We arbitrarily selected node 5 and node 10 as borderline in terms of energy available (i.e., the initial energy at start of simulation). Node 5 doesn’t have enough energy to transmit in the beginning but charged up above E_MIN (Table 2) during the simulation and start communicating. On the other hand, Node 10 just has enough energy  to send few messages before its energy level dropped below E_MIN. We set the charging rate to 0 for Node 10. The energy level change during the simulation run is shown in Figure 5.
Figure 6 shows the net node displacement during the simulation as they move around with constant speed but in random direction. Figure 7 illustrates the energy consumption of all EHWSN nodes. We can notice that some nodes never communicated due to low energy (like node 2, 4, 11, 15, 20, 21 and 26) whereas node 5 and 10 were only active during some part of the simulation as we discussed earlier. Finally Figure 8 shows the location of nodes at the end of simulation.
Secondly, we vary the number of EHWSN nodes in the network from 10 to 100 in the increment of 5. The extended framework generates simulation output files for each iteration. The output files also include the overall summary. Figure 9 shows the generated topology for 100 EHWSN nodes (2 to 101). Figure 10 shows energy consumption plots for coordinator and other nodes combined (sum of energy consumption for all EHWSN nodes). The chart also shows number of messages (packets) received and lost at coordinator for each iteration.

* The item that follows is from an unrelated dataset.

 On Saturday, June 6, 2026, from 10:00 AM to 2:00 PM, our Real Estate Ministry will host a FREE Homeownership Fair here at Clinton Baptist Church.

Table 6 presented the overall simulation summary for all iterations. Node displacement and energy level change during the simulation for 100 nodes are shown in Figure 11 and 12 respectively.

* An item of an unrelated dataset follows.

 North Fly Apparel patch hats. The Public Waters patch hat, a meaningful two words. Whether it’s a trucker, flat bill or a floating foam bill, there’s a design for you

|Nodes||Coordinator Energy consumption
|Total EHWSN consumption
|Received Packets at Coordinator||Lost Packets at Coordinator|
Table 6: Simulation Statistics.
The development of a reliable and robust large-scale WSN system requires that the design concepts are checked and optimized before they are implemented and tested for a specific hardware platform. Simulation provides a cost effective and feasible method of examining the correctness and scalability of the system before deployment.
In this work, we utilized and extended the Python based Pymote framework to allow packet level simulation. We implemented modules for propagation, energy consumption and mobility models. We also added graphing and data collection modules to enhance the Pymote base functionality and modified existing modules for node, network, algorithm and logging to support the extended framework. Finally, we performed an example simulation for a scheme to efficiently utilize EHWSN in an IoT application. The simulation results presented include topology maps, plots for available energy, bar charts for node displacement and energy consumption and comparison of received and lost packets at the coordinator node.
I would like to acknowledge the support provided by College of Computer Science and Engineering (CCSE) and the Deanship of Scientific Research at King Fahd University of Petroleum and Minerals (KFUPM).